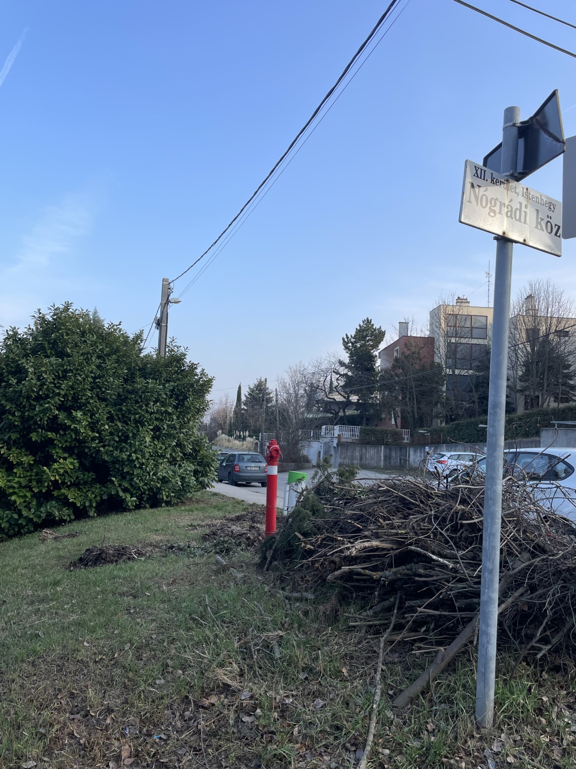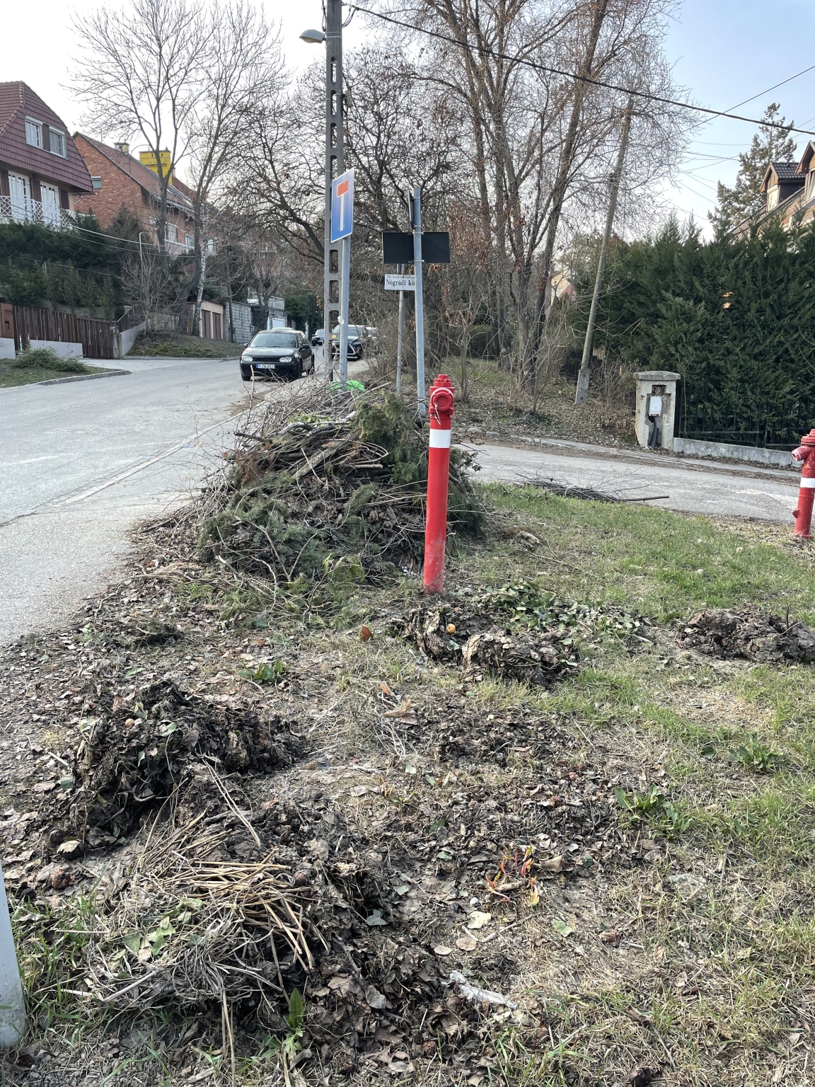 XII. Kerület Nógràdi utca - Nògràdi köz sarkàn folyamatosan gyűlik a szabàlytalanul kihelyezett zöld hulladék, amit így nem visznek el a heti zöldhulladèk gyűjtèsekor.
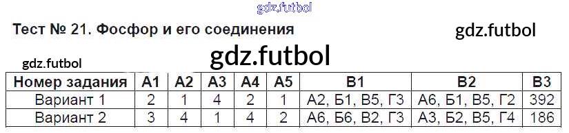 Готовые домашние задания по Химии за 9 класс Стрельникова Контрольно-измерительные материалы (КИМ) 2017 ФГОС - Тесты Тест №21. Фосфор и его соединения
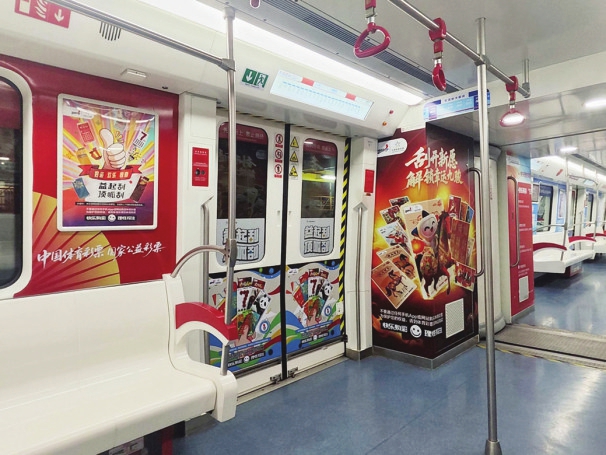 这列满载新春祝福的地铁专列,以6节车厢为画布,分别以“新春购彩季益起刮顶呱刮”“大乐透套餐票把幸运打包带回家”“看赛事玩竞彩更精彩”“安心购彩守护行动”为主题,精心绘制出流动的年味画卷。
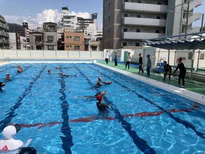 水泳の時間にもしもの水難事故に備えて、着衣泳の学習を行いました。水着のときとの違いを実際に感じながら、水の中で泳いだり潜ったりしました。泳ぐことの難しさを実感した後は「浮いて、待つ」を合言葉に、ペットボトルに捕まって長い時間浮くことができるように工夫しました。

= GOAL OF THE EXERCISE =
Would you set down only the lines above from the line with "Готовые домашние задания" to the line with "这列满载新春祝福的地铁专列,以6节车厢为", both included, exactly as they stand and without the pictures?

= EXERCISE SOLUTION =
 Готовые домашние задания по Химии за 9 класс Стрельникова Контрольно-измерительные материалы (КИМ) 2017 ФГОС - Тесты Тест №21. Фосфор и его соединения
 这列满载新春祝福的地铁专列,以6节车厢为画布,分别以“新春购彩季益起刮顶呱刮”“大乐透套餐票把幸运打包带回家”“看赛事玩竞彩更精彩”“安心购彩守护行动”为主题,精心绘制出流动的年味画卷。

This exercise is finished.